Local Sensing?
In his article Citizens as sensors: the world of volunteered geography (2007) Goodchild details the recent establishment of citizen or public volunteered information which he calls “volunteered geographic information (VGI)” (212).
This movement has been typified by web-based applications such as Google Maps, Google Earth, and Open Street Map. All of these sites/sights are examples of what is now called web 2.0, which is characterized by the participatory creation of databases of information by web users. Where the first incarnation of the web was strictly a one way affair where users moved from page to page and could not interact with the information that was presented other than read it, now with web 2.0 users are active creators and authors of information.
In the realm of Google Maps/Earth, Open Street Map and Wikimapia, among others, this information is geographic in nature, while places and events, and many other forms of information, are now georeferenced.
In this new world of participatory mapping enabled by web 2.0 users are the sensors themselves, and the information is locally sensed rather than remote sensed. It must be stated though, like with any mapping activity, user created mapping is not objective, but subjective to the user’s position within the physical world and material society.
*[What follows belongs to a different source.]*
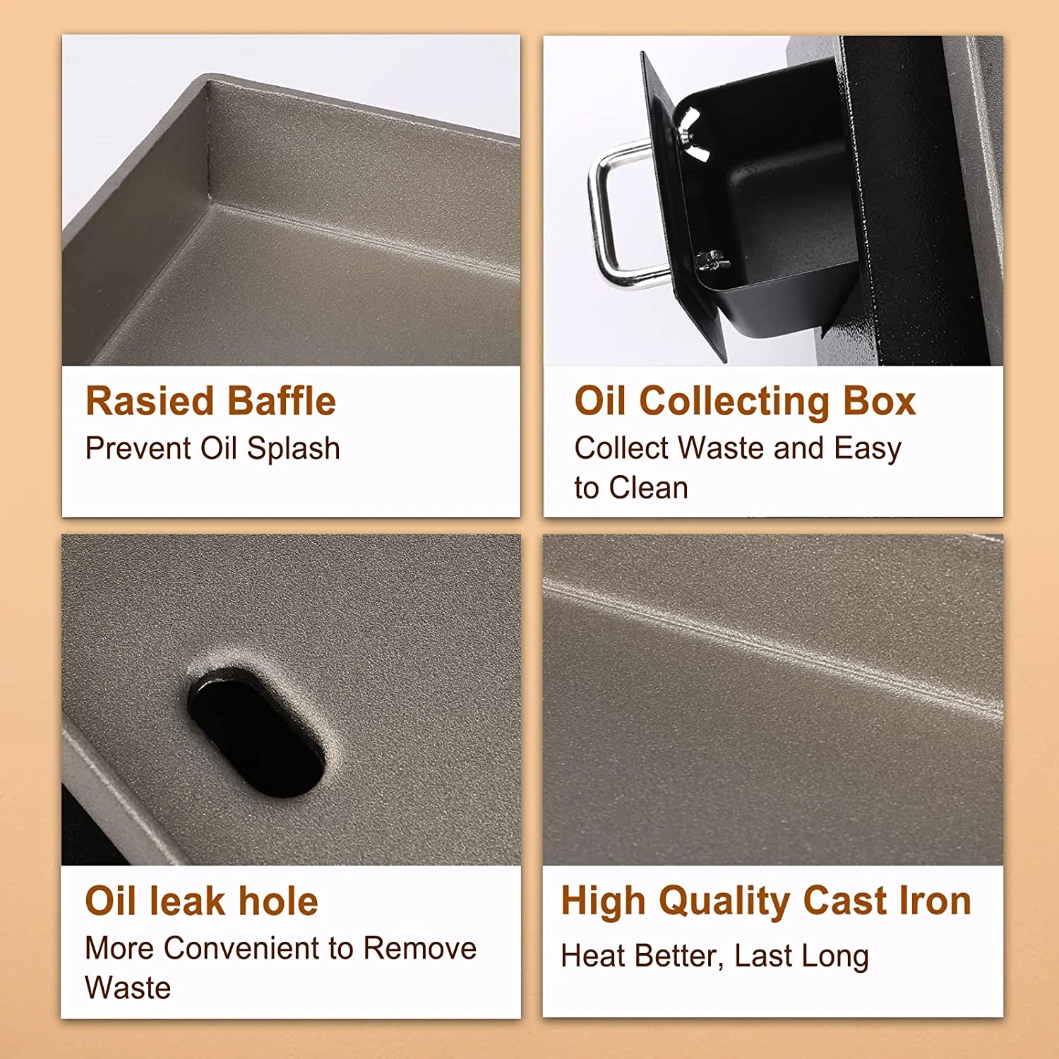 - 【GREASE MANAGEMENT SYSTEM】- Removable, slide-out grease cup collects oil residue while cooking, and is easy to clean up after use. Griddle top is also detachable for washing. The hole on the griddle top allows you clean food residue anytime.【EASY TO ASSEMBLE】- Comes with easy to follow instructions for assembly.【GIFT BAG】- This carry bag with extra thick PVC coating which is sturdy and durable. It’s an ideal gift for those who appreciate chef style grilling wherever they go

Examples of “Participant Populations” (218) given by Goodchild interestingly enough includes soldiers, and farmers. He states that these individuals are potential sources of firsthand information and “data that is in many cases much more detailed and current than that available from central…agencies” (218).
He also claims, however, that these “developments contribute to a growing reversal of the traditional top-down approach to the creation and dissemination of geographic information” (218). This is a problematic assumption though on the part of Goodchild that information coming from soldiers and farmers represent a shift to a bottom up kind of information gathering.
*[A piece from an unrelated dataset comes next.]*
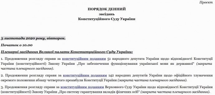 Детали: На ближайших заседаниях Конституционный суд Украины планирует в закрытом режиме рассмотреть конституционность законов "Об обеспечении функционирования украинского языка как государственного" и "О системе гарантирования вкладов физических лиц".

Soldiers represent the violent, repressive, and coercive authority of the state, and therefore, any information they would gather and disseminate will be in the state’s own interest. Furthermore, the geospatial tools, utilized in precision farming, are owned by the capitalist class. These tools are used on large farms owned by agribusinesses who farm on land that was gained through the structural, or in many cases the actual, violence of colonialism. Is that what bottom up means?
Nonetheless, the growing trend of VGI, in many instances has removed map making from the hands of the ‘experts’ and placed it into the hands of regular citizens. This is an empowering and democratic act, however, only for those that are able to participate by owning the proper equipment, and being connected (literally).
Goodchild, M. F. (2007). Citizens as sensors: the world of volunteered geography. Geojournal, (69), 211-221.